The post-Dalai Lama era is likely to be fraught with uncertainty and has profound security implications for both India and China. While China is afflicted with the Tibetan unrest, India has worries about the future of Tibetan refugees spread across the subcontinent. Relations between the two Asian giants are also greatly entwined with the Tibet factor. While India is yet to evolve a strategy to deal with the fate of the Tibetan refugees after the present Dalai Lama passes away, China is incrementally preparing to confront the Tibet problem in the post-Dalai Lama phase. Thus, Hu Jintao’s reconfigured Tibet policy based on promotion of Buddhism and creation of a new monkhood is aimed at confronting the security situation in the post-Dalai Lama era. It is also geared towards weakening India’s manoeuverability on the Tibet issue and bilateral border negotiations.
China’s latest move towards incremental preparation for the post-Dalai Lama era came on February 28, 2010, when it nominated its designated Panchen Lama, Gyaincain Norbu, to the Parliamentary advisory body, the National Committee of the Chinese People’s Political Consultative Conference (CPPCC) as one of the 13 new members. Prior to this, on October 18, 2008, the Chinese government formulated plans to set up the first-ever academy of Tibetan Buddhism in southwestern China.

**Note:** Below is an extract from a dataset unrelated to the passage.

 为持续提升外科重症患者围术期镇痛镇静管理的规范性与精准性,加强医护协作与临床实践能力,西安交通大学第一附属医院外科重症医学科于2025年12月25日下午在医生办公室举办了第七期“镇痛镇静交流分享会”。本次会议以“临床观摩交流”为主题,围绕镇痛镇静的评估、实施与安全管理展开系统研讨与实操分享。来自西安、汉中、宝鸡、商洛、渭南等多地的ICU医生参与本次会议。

Construction for the $11.7 million project began in October 2008. The purpose is to train “patriotic and devotional religious personnel”. In other words, the attempt is to "build an officially approved cadre of monks in order to dilute the influence of defiant monks in Tibet, who have faith in the Dalai Lama". In fact, the signs for the creation of a new monkhood subservient to Beijing was witnessed in July 2007 when in a major diplomatic move the government in China passed a law on reincarnation -- Order No. 5 of China’s State Administration of Religious Affairs, Management Measures for the Reincarnation of ‘Living Buddhas’ in Tibetan Buddhism -- which required all reincarnate lamas to be approved by the state. Through this major tactical step China asserted its right to manage and select all reincarnate lamas of Tibetan Buddhism and thereby sought to choose its own Dalai Lama after the present one passes away. This is based on the assumption that with the exit of the present Dalai Lama the Tibetan problem would inevitably end.

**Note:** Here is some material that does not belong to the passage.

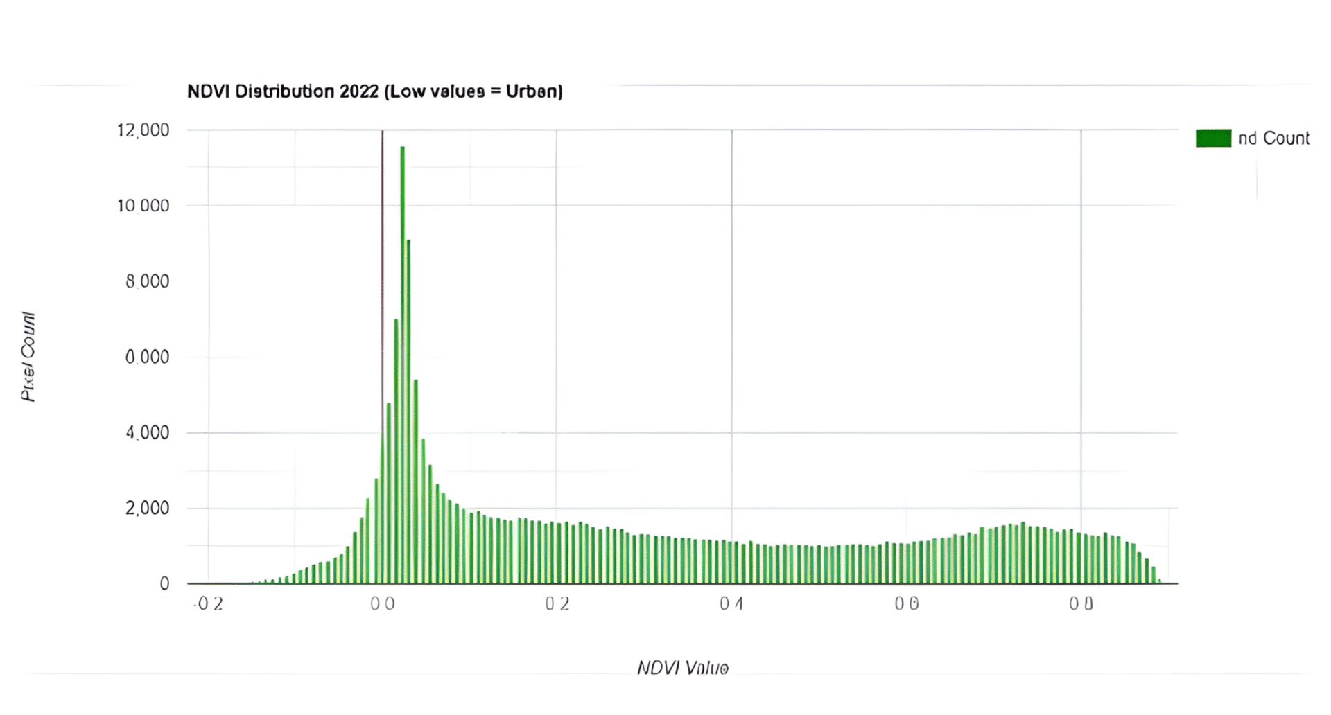 The chart shows a bimodal pattern. This NDVI (vegetation index) distribution chart reveals Georgetown's binary development pattern through satellite analysis. The left peak (0 to 0.2) represents built-urban areas, while the right peak (0.6 to 0.8) shows undeveloped land. The dramatic valley between peaks indicates minimal transitional or partially developed areas—land in Georgetown is either fully developed or awaiting development, with little in-between.¹

Earlier from April 13 to 16, 2006, China organised for the first time a World Buddhist Forum in Hangzhou to espouse its leadership of the Buddhist world. It also provided an international platform to China’s own Panchen Lama to bolster his legitimacy both internally and globally. It may be recalled that China hand-picked Gyaincain Norbu as the 11th Panchen Lama in 1995, rejecting Gedhun Choekyi Nyima selected by the Dalai Lama. Since then, China has been steadily raising his profile. The Dalai Lama was not invited for this international forum in which over 1,000 monks and experts from thirty-seven countries gathered to participate in the discussion on building a harmonious world, because he was seen as “splitting the motherland and sabotaging the unity of ethnic groups.” As such, his participation would have caused “disharmony”, as reported by Xinhua.

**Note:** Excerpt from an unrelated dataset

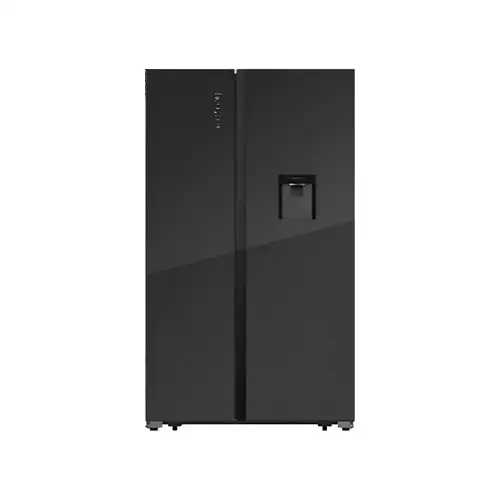 This side-by-side refrigerator features a total capacity of 580 liters, split between a 355L fridge and a 225L freezer, offering ample space for fresh and frozen food storage. It comes with an advanced inverter compressor and uses R600a refrigerant gas, known for its low environmental impact. The refrigerator is designed with a glass panel in a premium black finish, paired with a Monet Grey interior and ABS liner material for enhanced durability. Inside, you'll find front and back decor glass shelves, large door racks, a beverage tray, egg tray, ice maker, and splicing drawers—all thoughtfully designed for maximum utility. Both the fridge and freezer are equipped with ceiling-mounted LED lighting, ensuring clear visibility. The unit includes a built-in condenser, preservation light, and a water dispenser, which adds to user convenience. The appliance operates on 220–240V power and is built for N/ST climate types, suitable for the Bangladeshi climate.

More importantly, the Fifth National Conference on the Work of Tibet held in Beijing in January 18-20, 2010 indicates China’s policy direction on Tibet. This was convened especially keeping an eye on the future of the Dalai Lama. Evidently, the 2010 Work on Tibet came after the March 2008 Tibetan uprisings. The last Conference was held in 2001. During the 2010 Conference, Chinese President Hu Jintao made a very important statement on the need for lasting stability in Tibet, implying that Deng Xiaoping’s strategy of creating economic prosperity to mitigate separatism alone could not tame the restive Tibetan population. Identifying that “Tibet faces a special contradiction between people of all ethnic group and the separatist forces led by the Dalai clique,” Hu Jintao emphasised on the need for “leap frog development” and “lasting stability” as the major themes of the work of Tibet. The emphasis on “lasting stability” is particularly striking. The Work Report talks about adopting substantial measures to ensure “normal order of Tibetan Buddhism.” This perhaps signals the need to promote and preserve Tibetan Buddhism, which has hitherto been stifled or controlled in Tibet. Also, perhaps there is the realization on the part of the Chinese leadership that the forces of identity and nationalism cannot be eliminated through repressive measures. Conspicuously, this means that along with Deng’s policy of economic development in minority areas, Hu Jintao adds a major policy decision of promoting Tibetan Buddhism, which in some sense would mean upholding the Tibetan identity. Arguably, China is incrementally preparing for the post-Dalai Lama scenario. This momentous decision also has ominous implications for India.
First, it would certainly blunt Western criticism about China’s repressive policy in Tibet. Second, it would discredit the Dalai Lama’s criticism of cultural repression of the Tibetans as well as invalidate his demand for ‘Greater Tibet’ to promote and preserve Tibetan identity. Third, it would weaken India’s Tibetan card or in other words weaken the threat of re-opening the Tibet question as a kind of pressure tactic on China.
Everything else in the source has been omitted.